* Information shown:
<<<<
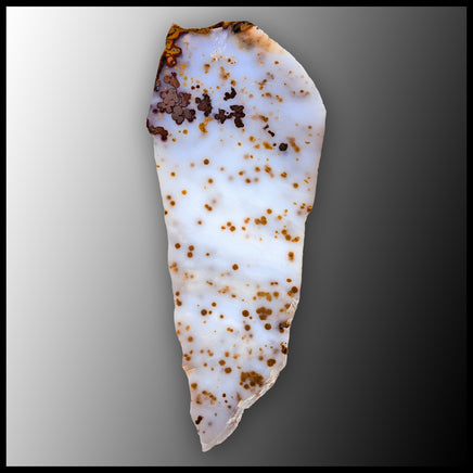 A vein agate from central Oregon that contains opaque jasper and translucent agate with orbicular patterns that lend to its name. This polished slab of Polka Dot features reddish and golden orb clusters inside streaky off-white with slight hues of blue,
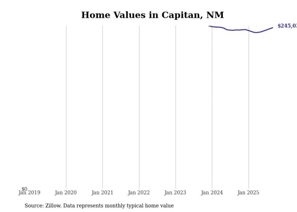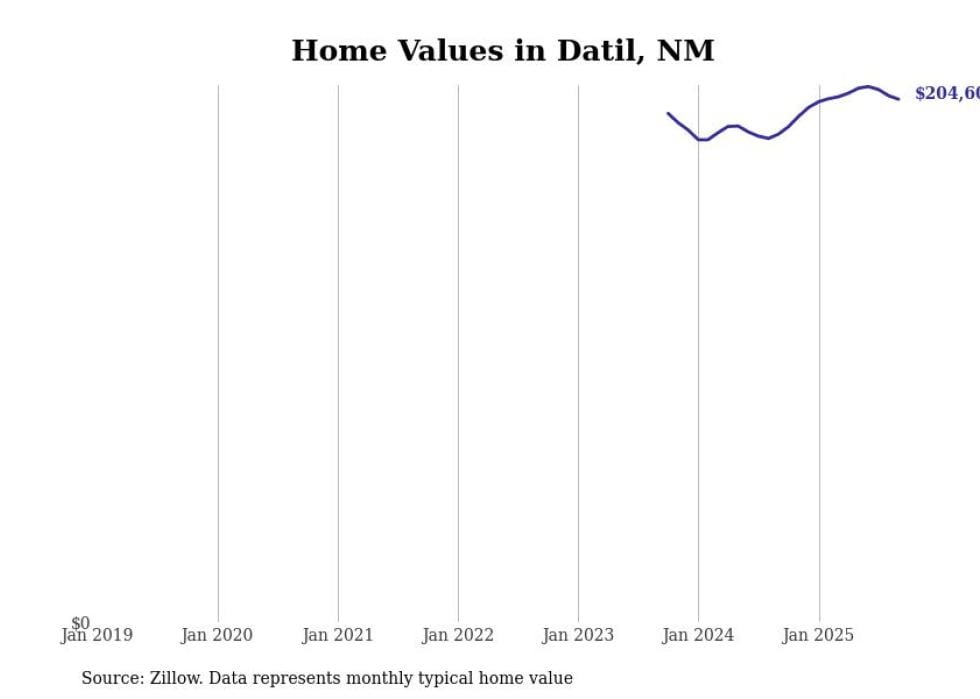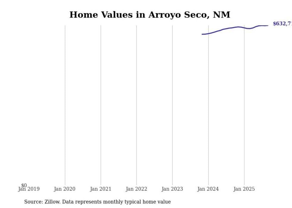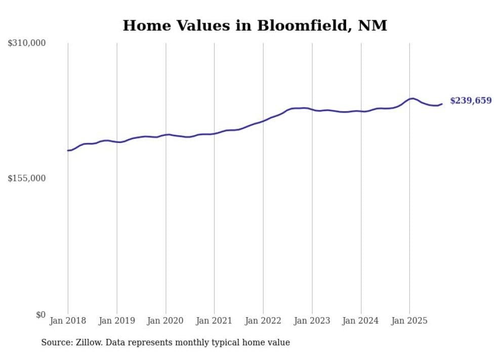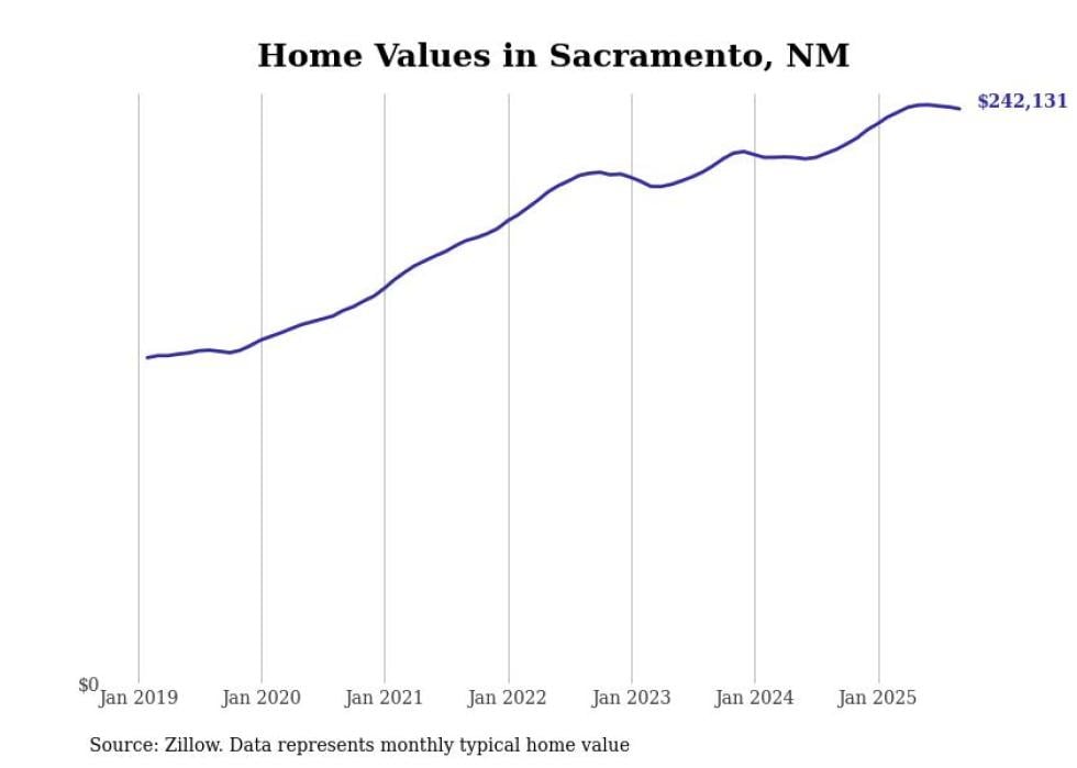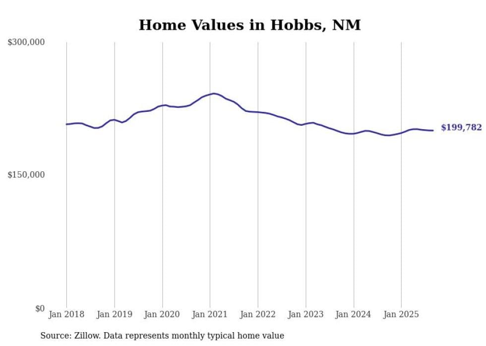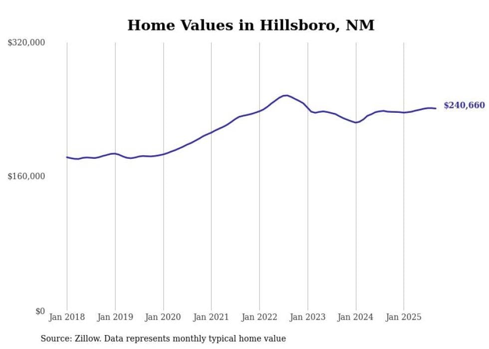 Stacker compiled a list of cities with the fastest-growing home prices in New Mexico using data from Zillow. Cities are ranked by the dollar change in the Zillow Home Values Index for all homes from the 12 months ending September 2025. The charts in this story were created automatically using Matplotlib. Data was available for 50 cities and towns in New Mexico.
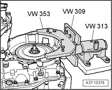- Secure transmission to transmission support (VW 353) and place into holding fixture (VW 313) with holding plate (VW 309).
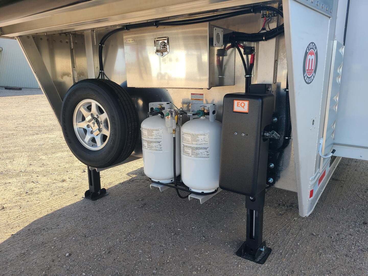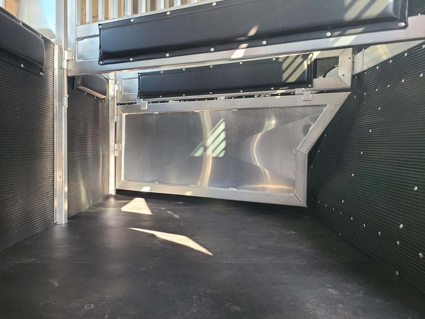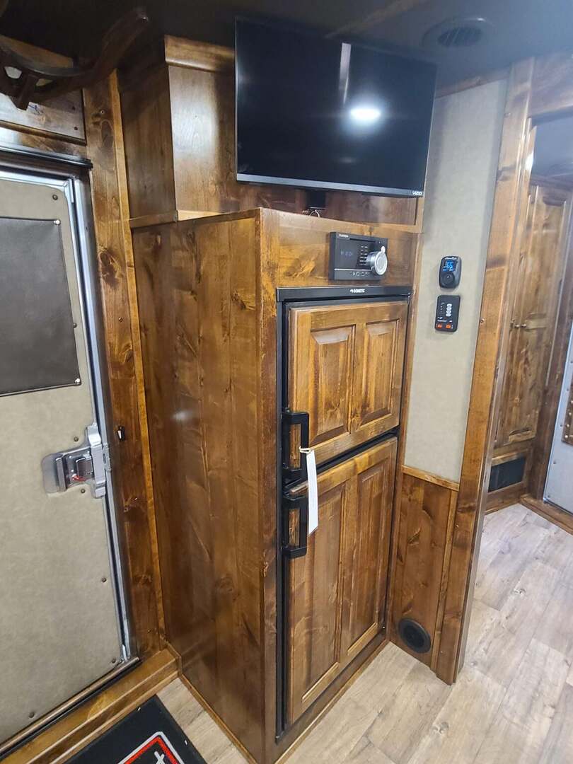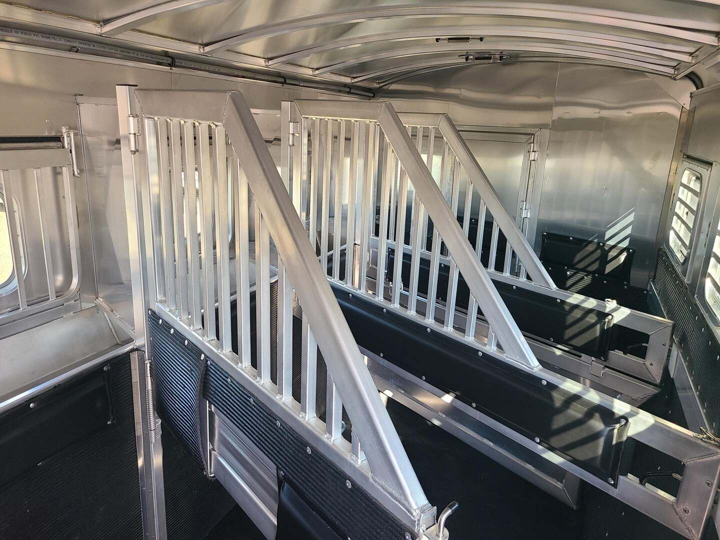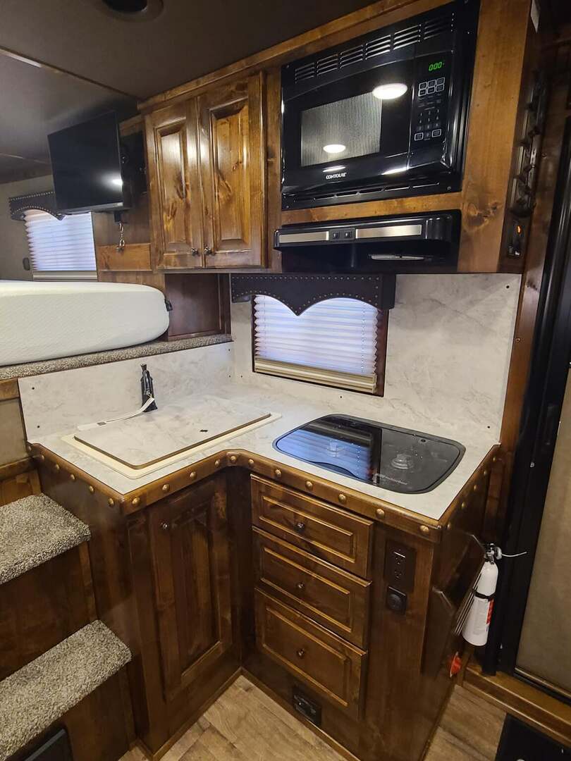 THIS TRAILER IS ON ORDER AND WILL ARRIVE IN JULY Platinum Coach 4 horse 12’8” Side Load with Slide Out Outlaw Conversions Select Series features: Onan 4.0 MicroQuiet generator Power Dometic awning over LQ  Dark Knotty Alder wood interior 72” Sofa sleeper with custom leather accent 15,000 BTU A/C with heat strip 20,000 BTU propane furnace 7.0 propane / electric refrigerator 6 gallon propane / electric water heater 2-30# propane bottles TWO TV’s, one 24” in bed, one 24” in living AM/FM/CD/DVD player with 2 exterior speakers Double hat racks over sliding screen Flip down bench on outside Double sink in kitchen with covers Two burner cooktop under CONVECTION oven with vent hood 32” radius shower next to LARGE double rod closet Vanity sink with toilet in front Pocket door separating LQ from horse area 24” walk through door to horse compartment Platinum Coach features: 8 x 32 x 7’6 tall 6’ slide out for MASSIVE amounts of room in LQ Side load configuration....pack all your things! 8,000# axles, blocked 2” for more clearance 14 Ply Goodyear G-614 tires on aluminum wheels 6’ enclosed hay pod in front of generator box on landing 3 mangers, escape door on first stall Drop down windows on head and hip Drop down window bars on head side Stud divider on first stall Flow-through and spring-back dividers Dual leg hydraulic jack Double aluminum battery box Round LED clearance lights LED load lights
>>>>
* What to produce: Set down, exactly as written above, each line from the one with "Stacker compiled a" through the one with "- Secure transmission", and skip the pictures.

* Result for this task:
 Stacker compiled a list of cities with the fastest-growing home prices in New Mexico using data from Zillow. Cities are ranked by the dollar change in the Zillow Home Values Index for all homes from the 12 months ending September 2025. The charts in this story were created automatically using Matplotlib. Data was available for 50 cities and towns in New Mexico.
- Secure transmission to transmission support (VW 353) and place into holding fixture (VW 313) with holding plate (VW 309).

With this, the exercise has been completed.